(SUPPLIED INFORMATION)

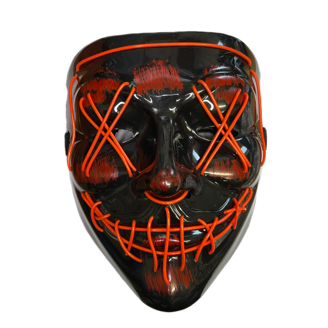 Hard plastic face mask with light-up EL wire woven into the design.
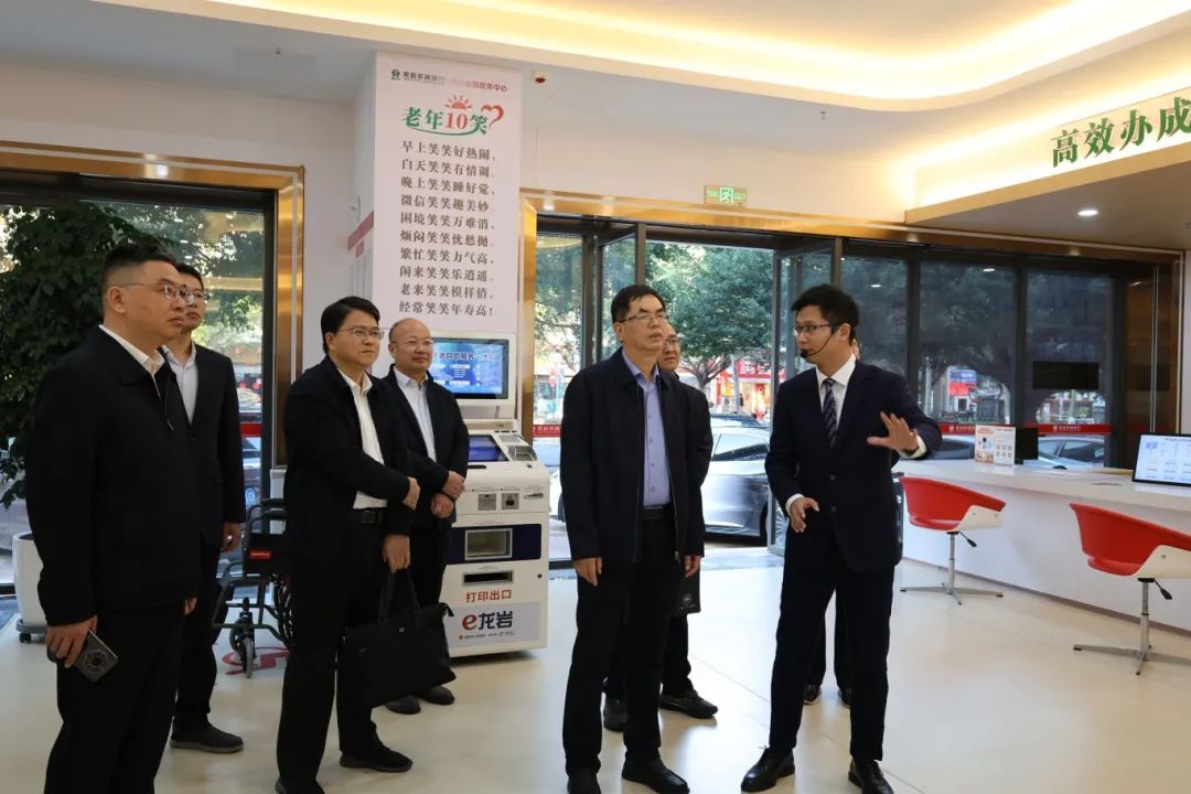 调研组一行走访武平县林权服务中心,实地查看林业金融区块链和“e林通”平台建设、管理情况,详细了解林权确权、抵押、交易、融资等运作模式,鼓励形成更多可复制可推广的“武平经验”;在新罗区实地察看了养老金融综合服务示范点,调研适老“硬设施”布设和知识宣讲“软文化”活动开展情况,建议龙岩市积极创新拓展养老金融产品和服务,做好做实养老金融大文章。
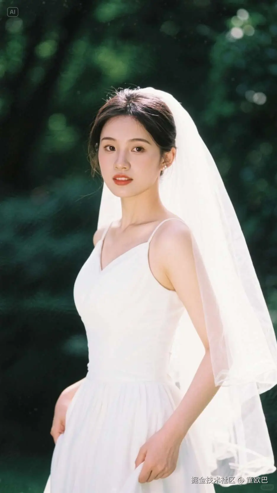 提示词:胶片摄影,穿着婚纱的女人

(ACTIVITY) Every line of the data is to be transcribed exactly, and no picture is to be included.

(SOLVED PROBLEM)
 Hard plastic face mask with light-up EL wire woven into the design.
 调研组一行走访武平县林权服务中心,实地查看林业金融区块链和“e林通”平台建设、管理情况,详细了解林权确权、抵押、交易、融资等运作模式,鼓励形成更多可复制可推广的“武平经验”;在新罗区实地察看了养老金融综合服务示范点,调研适老“硬设施”布设和知识宣讲“软文化”活动开展情况,建议龙岩市积极创新拓展养老金融产品和服务,做好做实养老金融大文章。
 提示词:胶片摄影,穿着婚纱的女人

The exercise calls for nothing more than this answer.